For many years industry in Bishophill was dominated by the firm Thomas Cooke Instruments. This firm had a worldwide reputation for his large telescopes and founded the Buckingham Works in Bishophill in 1855. This became several three-storey buildings, stretching up as far as Albion St by the 20c, with a huge demand for rangefinders and gunsights for the Boer War. They tried a number of new inventions, such as a steam carriage in 1868 which they entered for the Yorkshire Show, and a pneumatic despatch tube, installed in telegraph offices throughout the country. The company also trialled car production.

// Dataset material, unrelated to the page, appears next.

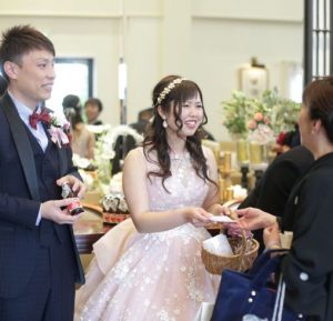 結婚式のプチギフトは、一般的に披露宴のお見送りの際、

During WW1, the company expanded to the corner of Trinity Lane and later to the site of the York Female Penitentiary in Bishophill Senior, moving their foundry to Kyme St. Vickers then acquired a majority holding and they bought the assets of Troughton & Simms in 1922, centralising the production of optical instruments on York, but the company failed.
As WW2 neared, the company re-equipped Cooke’s no 2 factory, which had been built in 1915. Work at no 1 factory ceased in 1939 and the site was sold to the Electricity Board in 1948. A new factory was built in Haxby Road.

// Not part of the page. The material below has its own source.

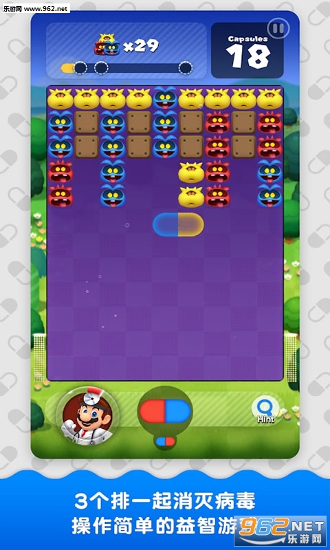 《马力欧医生世界国际版》是以老任的经典的马里奥题材设计的以经典FC为模板打造的可以多人对战的休闲手游,在这一次的马里奥世界中,玩家以医生的身份通过药丸的颜色搭配来消灭病毒,基本上延续了三消规则,但是在玩法上却又有一定的差别。

There was a press report of attempts to poison the Cooke family in 1861, by a daughter-in-law, but she was acquitted due to lack of evidence. Thomas Cooke, a self-made man, died at 61, in 1868. Some of his world-leading telescopes can be seen at the Museum Gardens observatory, Bootham School Observatory and Greenwich Observatory. He also made the clock in Coney St, on St Martin’s Church.
See Borthwick Archive. T. Cooke and Sons Archive 1783-1929 and related archive collections.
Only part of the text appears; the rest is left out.